- [Exercise objective] Retype the entries, please, from their first line to the line containing "Para ícones de", exactly and only those lines, minus the pictures.

Stored records:
+--

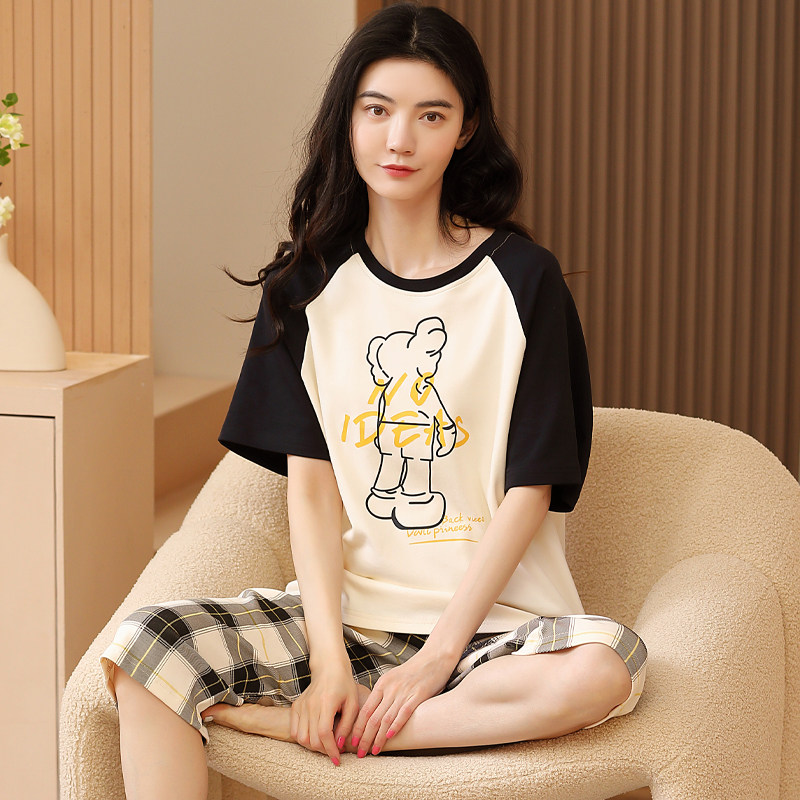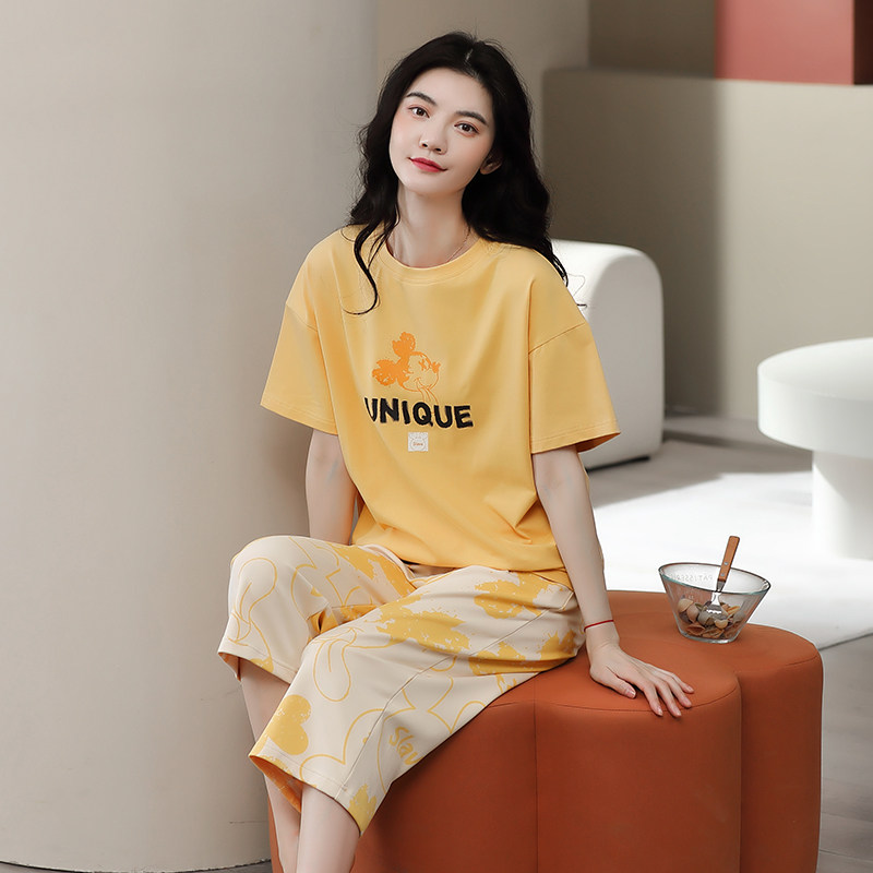 可出门睡衣女士夏季薄款套装短袖纯棉七分裤休闲宽松家居服两件套
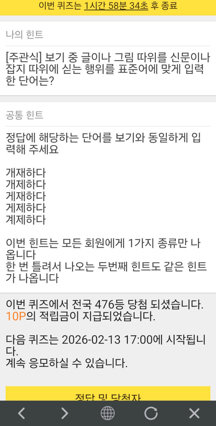 12시 퀴즈10점 받았어요. 5시 퀴즈 화이팅 하세요 ~~
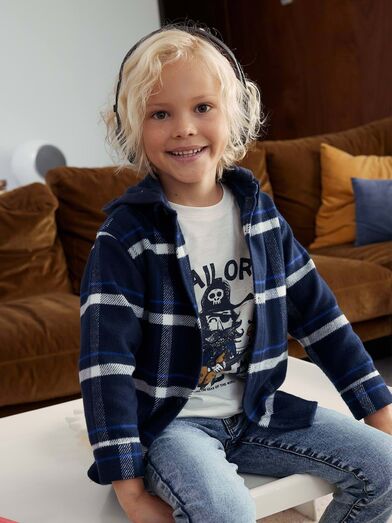 Para ícones de estilo de palmo e meio, esta camisa de flanela com capuz é o mais cool que vai conseguir encontrar nos saldos. Fica bem com jeans e os ténis favoritos e é quentinha o suficiente para deixar o seu filho pronto para enfrentar os dias mais frios.
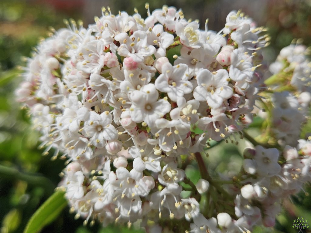 Schwarzer Holunder 'Lisarose'® - syn. Lorbeer-Schneeball. Immergrüner Strauch mit eleganten dunkelgrünen, glänzenden Blättern, die den Garten das ganze Jahr über schmücken. Ihre größte Zierde sind die rosa Knospen, die sich im Winter und frühen Frühling allmählich zu zarten weiß-rosa Blüten öffnen. Dieser dichte und kompakte Strauch erreicht eine Höhe von 1,5 bis 2 Metern und eine Breite von etwa 1,2 bis 1,5 Metern. Er ist pflegeleicht, verträgt Rückschnitte gut und eignet sich dank seiner Frostbeständigkeit auch für unsere Verhältnisse. Falls die Blüten nicht erfrieren, erscheinen kleine Früchte, die nicht essbar sind. Sie haben eine blaue Färbung mit deutlicher Bereifung. Er kommt als Solitär, in Hecken oder in Kombination mit anderen Ziergehölzen hervorragend zur Geltung.
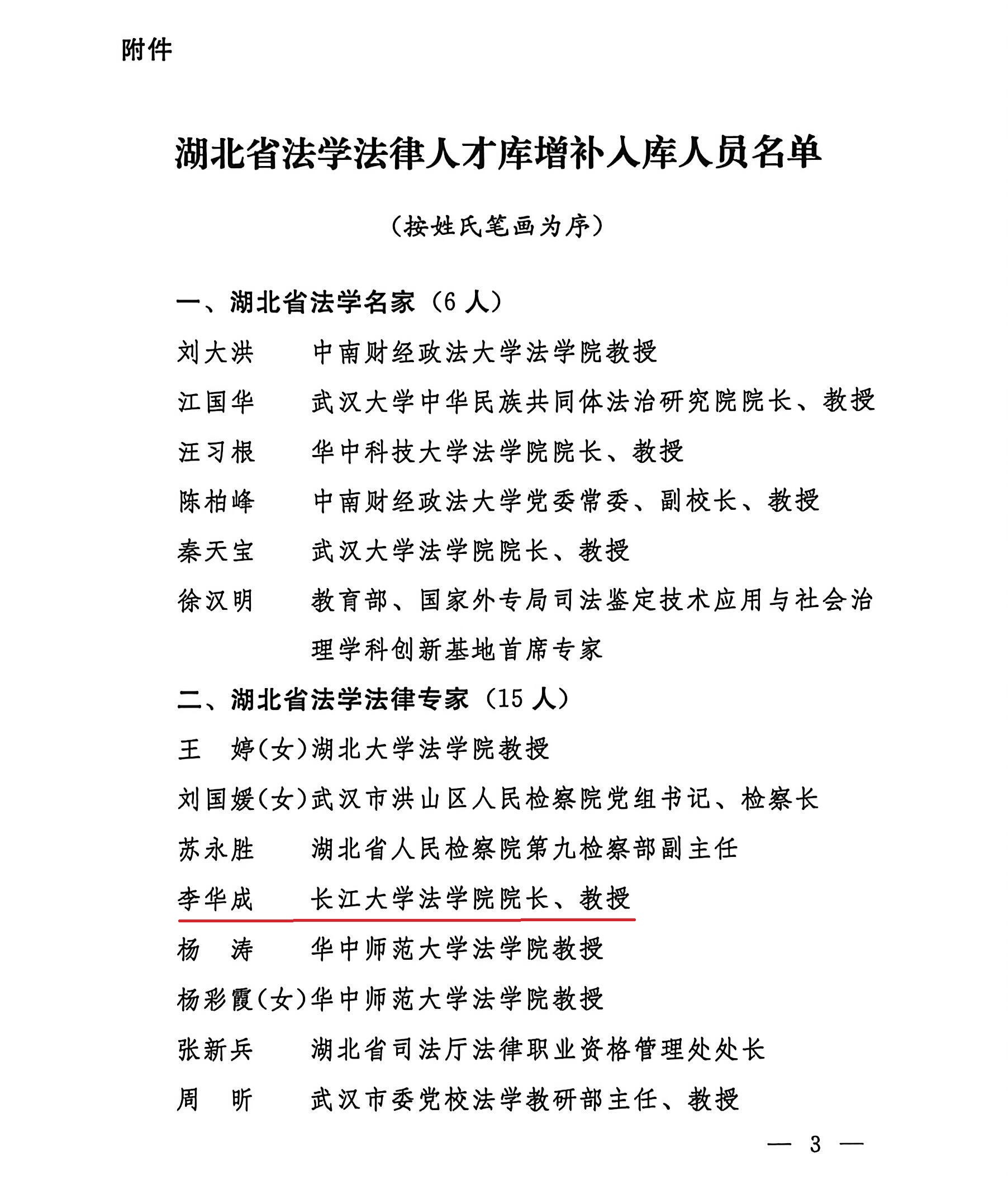 据悉,湖北省法学法律人才库是全省法学法律领域高层次人才的集中展示与权威评价平台,旨在遴选和表彰在法学理论研究、法治实践创新等方面作出重要贡献的领军人才与优秀青年人才。(审核 张凡 编辑 雷礼)

+--

- [Response to this task]
 可出门睡衣女士夏季薄款套装短袖纯棉七分裤休闲宽松家居服两件套
 12시 퀴즈10점 받았어요. 5시 퀴즈 화이팅 하세요 ~~
 Para ícones de estilo de palmo e meio, esta camisa de flanela com capuz é o mais cool que vai conseguir encontrar nos saldos. Fica bem com jeans e os ténis favoritos e é quentinha o suficiente para deixar o seu filho pronto para enfrentar os dias mais frios.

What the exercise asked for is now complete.